Regarding pre-modern Japan, looking for parental as well as social reactions to children with any long-term condition of impairment or visible physical deformity, previous research put too much emphasis on the aspects of either the abandonment of these children by their parents, or their social exclusion and marginalization, and, by doing so, these studies highlighted only the negative sides of the people's perception of and treatment towards these children. As for Japan's early-modern period, kogoroshi and sutego have become well-researched phenomena in the main, some studies even refer to for what reasons and under what circumstances parents came to decide not to raise but to get rid of children especially with ‘disability’ or ‘disfigurement’, but how these practices were perceived, interpreted and responded to on an ideological and discursive level when targeting specifically this certain group of children remains scarcely explored so far.
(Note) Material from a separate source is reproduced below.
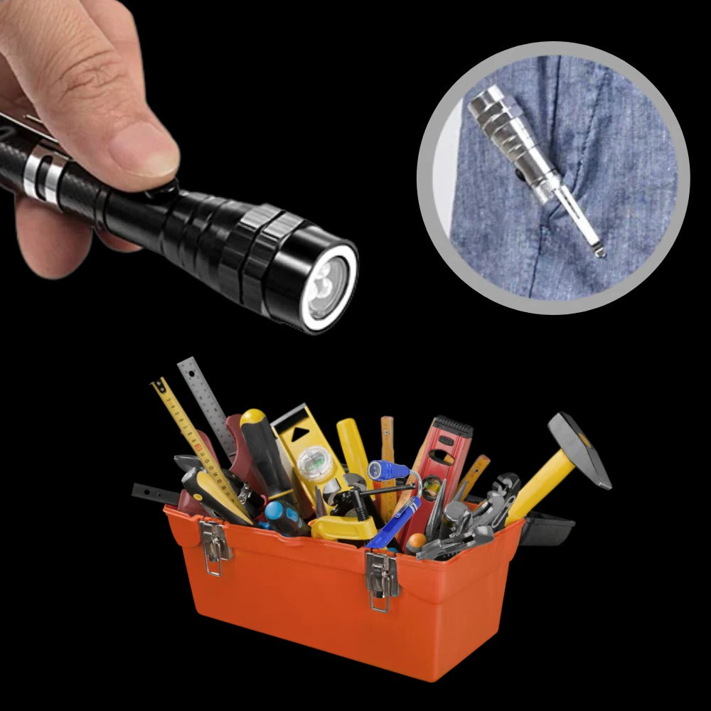 Stop struggling with dropped screws, keys, or tools in dark, inaccessible gaps. This versatile tool combines a powerful LED light with a magnetic pick-up head, solving two common problems at once. Whether you are a mechanic working in an engine bay or simply trying to find an item under the sofa, this device is the ultimate solution for seeing and retrieving objects in tight spaces.

Taking a closer look at scriptures of officials, scholars and Buddhist priests, through this presentation, I would like to show that while some pledged for killing or abandoning such children, during the mid- and late-Edo-period, there further has been a great variety of voices in favor for these children, assigning to parents a duty to raise and care for their children even in the case they may be ‘disabled’ or ‘disfigured’, considering these children's lives as something that should be valued and protected.